Subtraction: two more half-day furloughs in schools

Half days will come on a pair of Fridays before holidays

Educators in the South Kitsap School District will have two half-day furloughs during the upcoming year.

SKSD board members approved that measure by last week’s meeting.

Superintendent Dave LaRose said the furlough days were necessitated when state legislators instituted a 1.9 percent pay reduction for kindergarten through 12th-grade teachers in May. Similar to other districts, SKSD had to negotiate with its union, South Kitsap Educators Association, on how to handle the cuts.

SKEA president Judy Arbogast said legislators took “the fairness totally away” when they ask each school districts to collectively bargain those cuts. She said some wealthier districts were able to make cuts from other programs rather than reducing salary for teachers.

LaRose said the two furlough days will be Feb. 17 and May 25, which are Fridays before holiday weekends. In addition, teachers will not be paid for hours in school after students are released before Thanksgiving and winter breaks.

Those days were selected, LaRose said, because attendance generally is lower before holiday weekends. While he said the choices were “well received” by staff members, no one is happy about the result.

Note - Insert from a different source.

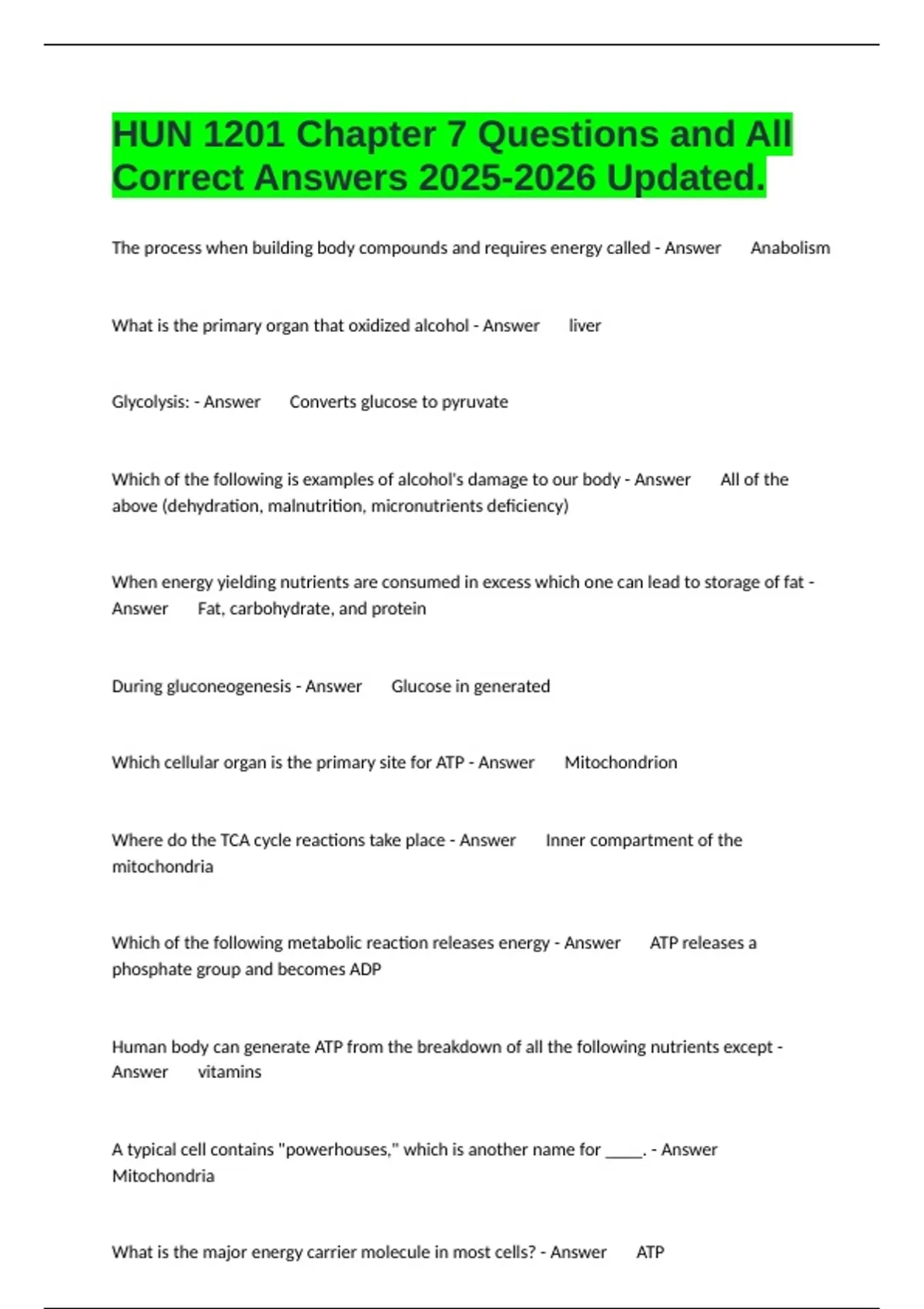 HUN 1201 Chapter 7 Questions and All Correct Answers Updated.

“The last thing we want to do when we’re trying to do more for kids is less days for kids,” said LaRose, who along with deputy superintendent Kurt Wagner and assistant superintendent Greg Roberts will take four furlough days during the upcoming school year. “We don’t like taking time away from instruction any more than we like the state taking money away from teachers.”

LaRose said reducing the number of days in school was not an option. State law requires school to be in session for 180 days except if a district is approved for a waiver.

Arbogast said the 1.9 percent salary reduction represents about three days work for teachers.

“These four half days are not something we want,” she said. “It’s to kind of balance things out for that pay that teachers aren’t getting. The state by saying that you still have to work 180 days means they want you to work for free.”

• Arbogast said SKSD’s final reduction-in-force (FTE) notice cut 0.2 full-time equivalent positions.

In April, district officials announced that as many as 23 teachers could receive notice that their contracts would not be renewed, but that number steadily decreased through attrition.

Arbogast said SKSD still will lose about 30 FTE from last year, and teaching positions in the district have been reduced at a rate quicker than the district’s enrollment decline.